• Data extract:
=== Section Start ===

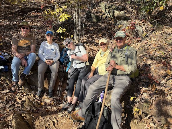 Rosemary, our indefatigable octogenarian, was a bit slow-paced, due to age and fairly recent hip problems. She hiked with us several weeks ago in the Chattanooga area, so we all knew she would arrive a bit late, but she and the rest of us kinda underestimated just how long it would take her and Terry to make the hike.
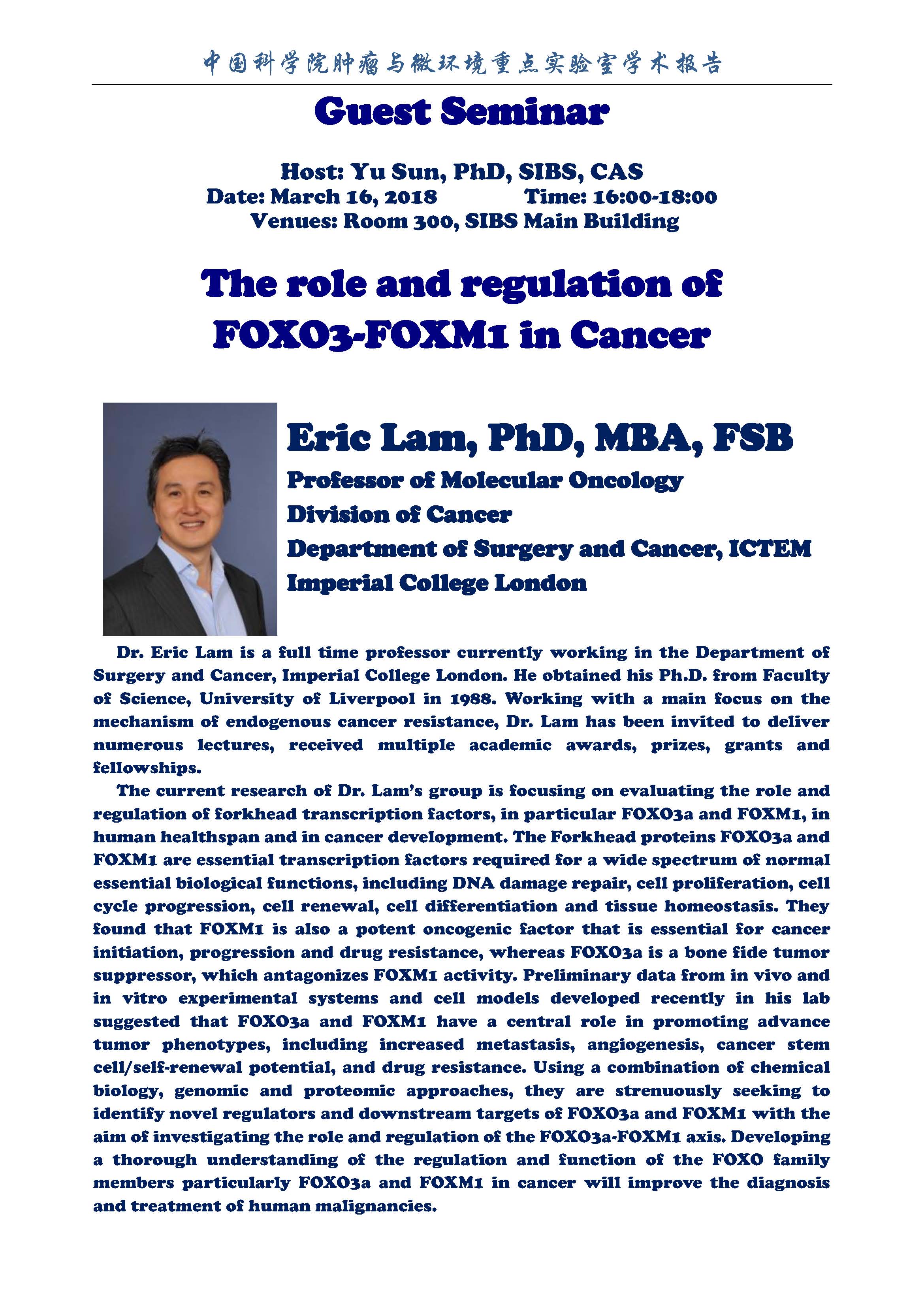 中科院腫瘤與微環(huán)境重點實驗室學(xué)術(shù)報告:The role and regulation of FOXO3-FOXM1 in Cancer
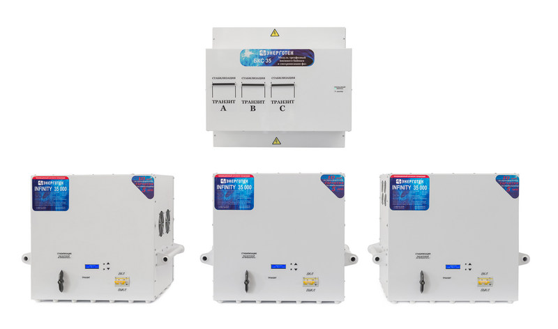 Трехфазный стабилизатор переменного напряжения Энерготех INFINITY 35000х3 технически выполнен из трех однофазных стабилизаторов Энерготех INFINITY 35000, объединенных блоком БКС.
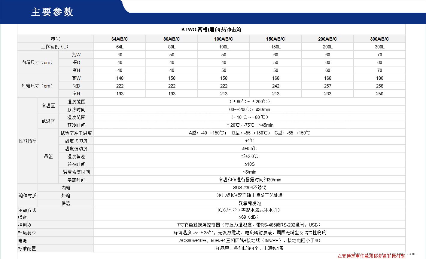 - 科胜两槽式冷热冲击试验箱KTWO-150A/B/C

=== Section End ===

• What the exercise asks:
Could you give the listing above again word for word, without any pictures?

• Problem solution:
 Rosemary, our indefatigable octogenarian, was a bit slow-paced, due to age and fairly recent hip problems. She hiked with us several weeks ago in the Chattanooga area, so we all knew she would arrive a bit late, but she and the rest of us kinda underestimated just how long it would take her and Terry to make the hike.
 中科院腫瘤與微環(huán)境重點實驗室學(xué)術(shù)報告:The role and regulation of FOXO3-FOXM1 in Cancer
 Трехфазный стабилизатор переменного напряжения Энерготех INFINITY 35000х3 технически выполнен из трех однофазных стабилизаторов Энерготех INFINITY 35000, объединенных блоком БКС.
 - 科胜两槽式冷热冲击试验箱KTWO-150A/B/C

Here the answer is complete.